Money Back Insurance Policy
This policy is a type of endowment policy. In this policy, there is a combination of investment and insurance. The difference is that in this life insurance policy, the assured sum and the bonus are returned in instalments only during the policy term. The last instalment is payable at the end of the policy. The entire assured sum goes to the beneficiary if the policyholder dies during the term. However, the premium of this policy is the highest.
Whole Life Insurance
In the Whole Life Insurance Plan, you get protection throughout your life. That is, there is no term of the policy. On the death of the policyholder, the nominee receives the insurance claim. Other life insurance policies have a maximum age limit, usually 65–70 years.
After that, the nominee cannot take the death claim on death. But under whole life insurance, the nominee can claim even if the policyholder dies at 95. The premium of this policy remains very high. Under this policy, the policyholder can partially withdraw the insured sum. He can also take money as a loan against the policy.
ULIP
In this plan, both protection and investment remain. In traditional endowment insurance and moneyback policies, the returns are guaranteed to an extent, whereas in ULIPs, there is no guarantee of returns. This is because the investment portion in ULIP is invested in bonds and shares, and like a mutual fund, you get units.
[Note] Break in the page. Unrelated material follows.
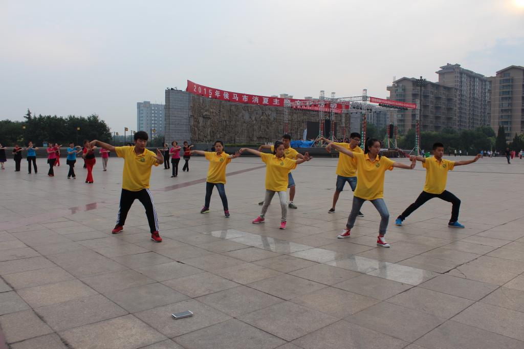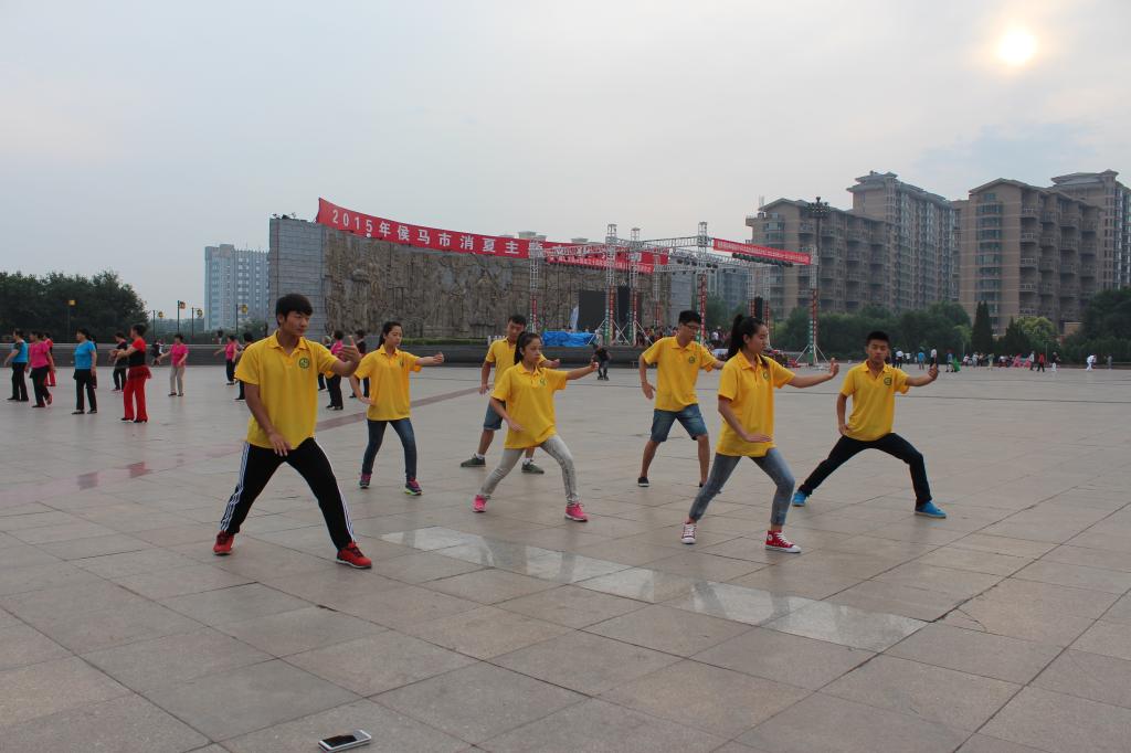 中华武术有着几千年的悠久历史,在其漫长的发展过程中,形成了众多流派,其中太极拳以其特有的健身和搏击作用,倍受国内外人士的喜爱。7月6日清晨,实践队员们来到侯马市广场进行晨练,并同时领略太极拳文化的内涵和魅力。

In this case, the returns are based on the ups and downs of the market. However, you can decide how much of your money should be invested in shares and how much money should be invested in bonds.
Retirement Plan
Life insurance coverage is not available in this plan. This is a retirement solution plan. Under this, you can create a retirement fund by assessing your risk. After a fixed period, a fixed amount will be paid to you or your subsequent beneficiary as a pension. This payment can be on a monthly, half-yearly or yearly basis.
Child Insurance Policy
These plans have been designed considering the expenses and other needs of the children’s education. A child plan pays a lump sum after the policyholder’s death, but the policy does not lapse. All future premiums are waived off, and the insurance company continues to invest on behalf of the policyholder. The child gets money for a certain period.